2D, or not 2D, that is the question

## Issue

Multiple WebNN operators still have limited ranks (convolve, pool, and resample are all fixed to 4D tensor rank and 2D axes) which was [historically](https://github.com/webmachinelearning/webnn/issues/28) done for backends that might be more limited, but actually current backends (CoreML, DML, LiteRT, ORT) generally support more ranks than that, and this WebNN limitation has been problematic (e.g. Whisper uses 1D convolution, and so ORT's WebNN EP needed to [add extra reshape calls](https://github.com/microsoft/onnxruntime/blob/main/onnxruntime/core/providers/webnn/builders/impl/conv_op_builder.cc#L132-L157) that prepend 1's to the inputs):

### Backend operator rank support

- Convolve (filtered windowed reduction)
  - [CoreML](https://apple.github.io/coremltools/source/coremltools.converters.mil.mil.ops.defs.html#coremltools.converters.mil.mil.ops.defs.iOS15.conv.conv) supports 3D-5D input with corresponding 1-3 reduction axes
  - [DirectML](https://learn.microsoft.com/en-us/windows/win32/api/directml/ns-directml-dml_convolution_operator_desc) supports 3D-5D with corresponding 1-3 reduction axes
  - [ONNX](https://onnx.ai/onnx/operators/onnx__Conv.html) supports 3D-5D input with corresponding 1-3 reduction axes
  - [TFLite](https://www.tensorflow.org/mlir/tfl_ops#tflconv_2d_tflconv2dop)/LiteRT support 4D-5D (3D is implementable via reshape)
- Pool* (windowed reduction)
  - [CoreML](https://apple.github.io/coremltools/source/coremltools.converters.mil.mil.ops.defs.html#module-coremltools.converters.mil.mil.ops.defs.iOS15.pool) supports 3D-5D input with corresponding 1-3 reduction axes
  - [DirectML](https://learn.microsoft.com/en-us/windows/win32/api/directml/ns-directml-dml_average_pooling_operator_desc) supports 4D-5D with corresponding 2-3 reduction axes (3D supported with some leading 1's)
  - [ONNX](https://onnx.ai/onnx/operators/onnx__AveragePool.html) supports 3D-5D input with corresponding 1-3 reduction axes
  - [TFLite](https://www.tensorflow.org/mlir/tfl_ops#tflaverage_pool_2d_tflaveragepool2dop)/LiteRT supports an indeterminate (TBD?) input count with 2 reduction axes.
- Resample
  - [CoreML](https://apple.github.io/coremltools/source/coremltools.converters.mil.mil.ops.defs.html#coremltools.converters.mil.mil.ops.defs.iOS15.image_resizing.resize_bilinear) supports rank \>=3D with 2 resampling axes
  - [DirectML](https://learn.microsoft.com/en-us/windows/win32/api/directml/ns-directml-dml_resample1_operator_desc) supports rank 1D-4D with 1-4 resampling axes
  - [ONNX](https://onnx.ai/onnx/operators/onnx__Resize.html) supports rank 1D-ND with 1-N axes (len(axes) <= input.rank)
  - [TFlite](https://www.tensorflow.org/mlir/tfl_ops#tflresize_bilinear_tflresizebilinearop)/LiteRT supports (TBD?, but at least 2 resampling axes)

## Proposal

Extend these operators to the range of underlying backend support.

## API Approaches
Surveying the approaches other libraries took:

- **(A)** Bake the axis count directly into the operator name (TF, PyTorch): torch.AveragePool**1d**, torch.AveragePool**2d**, torch.AveragePool**3d**, tf.batchNorm**2d**, tf.batchNorm**3d**, tf.batchNorm**4d**…
  - ➖ 😢 This pollutes the API surface with 3+ different functions that are basically identical except for their axis count.
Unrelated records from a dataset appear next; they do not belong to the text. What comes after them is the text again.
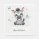 Cute baby shower or birthday paper napkin featuring adorable little male zebra with some blue love hearts
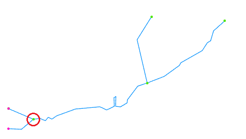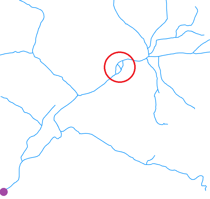 The red circle identifies a multi-thread section creating a loop, purple point is the mouth of the network. Your network may
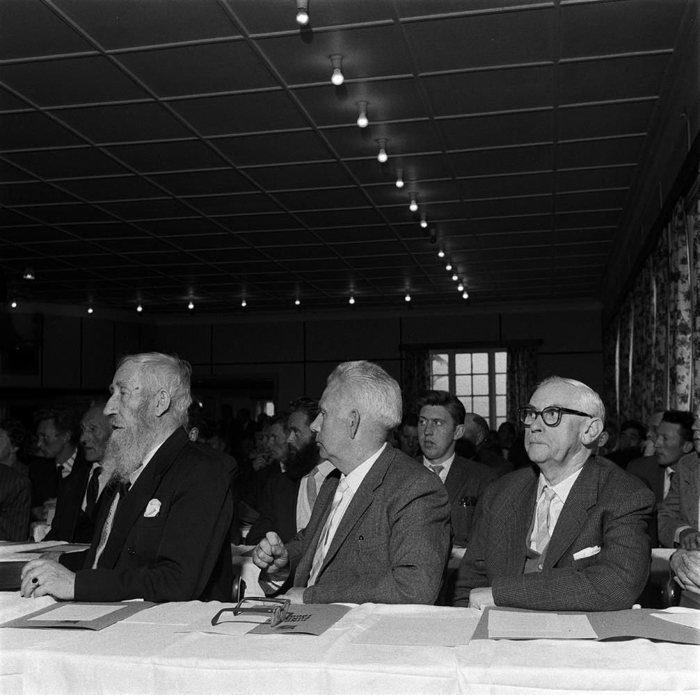 Horft yfir fundarsalinn. Í fremstu röð má greina, frá vinstri: Lárus Rist íþróttafrömuð með sítt skegg, Þórarinn Haraldsson bónda í Laufási í Kelduhverfi, Sigurður Sigurðsson sýslumaður á Sauðárkróki.

It's weird too, given most other operators simply take different ranks/axes without different operator names (there is no torch.Add2, torch.Add3...).
  - ➕ On the plus side, you can mix and match a different number of axes with input ranks more easily (TF and PT still have some limits, but it’s less rigid).
- **(B)** Use a single operator name, with an implicit axis count based on the input rank (e.g. CoreML and ONNX) 🤔:
  - ➕ Consolidated operator name.
  - ➖ There’s a hard-coded association between the input rank and the number of axes, meaning you can do {1D reduction on 3D input, 2D on 4D, 3D on 5D}, but not {1D reduction on 4D input, 3D on 4D, 2D on 5D…}.
- **(C)** Pass the reduction axis count separately from the input rank:
  - ➕ Consolidated operator name.
  - ➕ More flexible number of axes with input ranks (still limited to the rightmost axes though, requiring a transpose if you want intermediate dimensions).
- **(D)** Pass the explicit axes. I haven’t seen this in any ML API for conv/pool, but it would be consistent with the reduction operator (and resample), would obviate the “layout” enum for pooling, and would enable more primitive compositions without clumsy transpose calls (like `localResponseNormalization` decomposition which could have used `averagePool` with axis 1 if axes were a parameter rather than implicitly only the rightmost axes).
  - ➕ Consolidated operator name.
  - ➕ More flexible number of axes with input ranks.
  - ➕ Facilitates rarer operator compositions and nicely obviates layout enums.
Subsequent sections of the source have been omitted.